Do you use diaper cream? Do you use Charlie's for everything or just the diapers? Do you ever add fabric softeners, essential oils, Borax, Oxiclean, etc., to the wash (for dipes or clothing)? These things can leave a residual buildup in the washing machine itself, which can overtime affect the diapers. The buildup is a perfect breeding ground for bacteria, which is why you get the stink when they're wet. A good way to know if you're dealing with washer residue is if your towels smell musty after a few uses.

Also, how many diapers are you washing at once?

A couple of things to try:

For washing dipes, we always do a short cold wash/rinse cycle, *or* cold soak first. It depends on how dirty the diapers are. Sometimes I do both if there are a lot of poopy diapers. Then hot wash/cold rinse, followed by an extra rinse.

I would highly recommend you add a step before the hot wash, other than just a rinse ahead of time. (Our water bill doesn't change but a couple of cents, even when we add more cycles for weeks on to each diaper routine.)

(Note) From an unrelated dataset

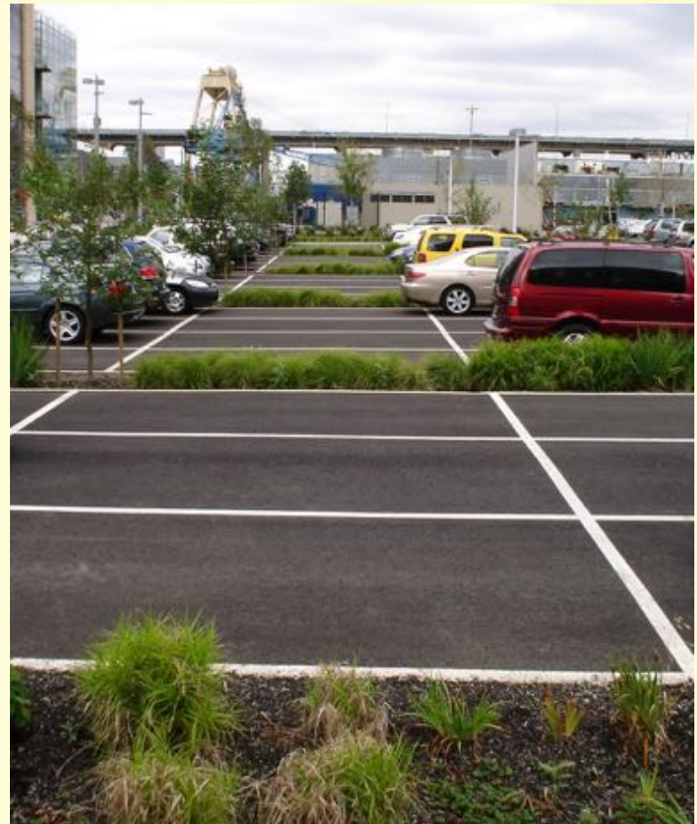
Vegetated Islands for 'run on'

Also, if you're using any other detergents or products that could be leaving a residue in your washer, then it might have buildup that's affecting the diapers. If that's the case, then get some Simple Green (auto dept Target) and use one tblsp on an empty hot wash (or stick an old towel in there with it to help loosen the residue from the washer). This will clean your washer. Do not use the SG on diapers or clothing as it is very caustic and will destroy some fabrics. Just using it to clean the washing machine will work.

Then I'd strip the diapers with some blue Dawn dishwashing liquid (about a teaspoon, if that, in hot water then add the diapers). Rinse repeatedly until no bubbles.

As long as you're not using any residue-building agents (diaper creams, other detergents on clothing, additives, etc.) and are just using the recommended amount of Charlie's it should not be leaving any residue behind.

*Unless* you're overloading the washer with diapers.







Which I've done in the past.

So cleaning the washer, reducing the number of dipes, adding a cold soak initially, and an extra rinse for good measure after the hot wash cycle should solve your problem. That and using Charlie's for everything, if possible.

Overtime Charlie's will clean your washer and remove buildup, but not if you're still adding things that can contribute to the buildup, if that makes sense. Then it has to do double duty of cleaning the diapers and removing previous buildup, in which case you need some extra steps I think in your diaper routine.

Good luck, Mama! Hope that helps.









ETA: The only other thing I can think of, if you're using Charlie's for everything and not using any other products in the washer is you might have hard/soft water issues? You mentioned using the powdered Charlie's -- are you adding it to the water so it dissolves, before adding the diapers? I'm so sorry you're dealing with this. We love Charlie's so much, but use the liquid form because our washer is old and powder clumps up too easily.


----------



## Eliseatthebeach (Sep 20, 2007)

I always do an extra rinse to be sure.


----------



## kawa kamuri (Apr 19, 2006)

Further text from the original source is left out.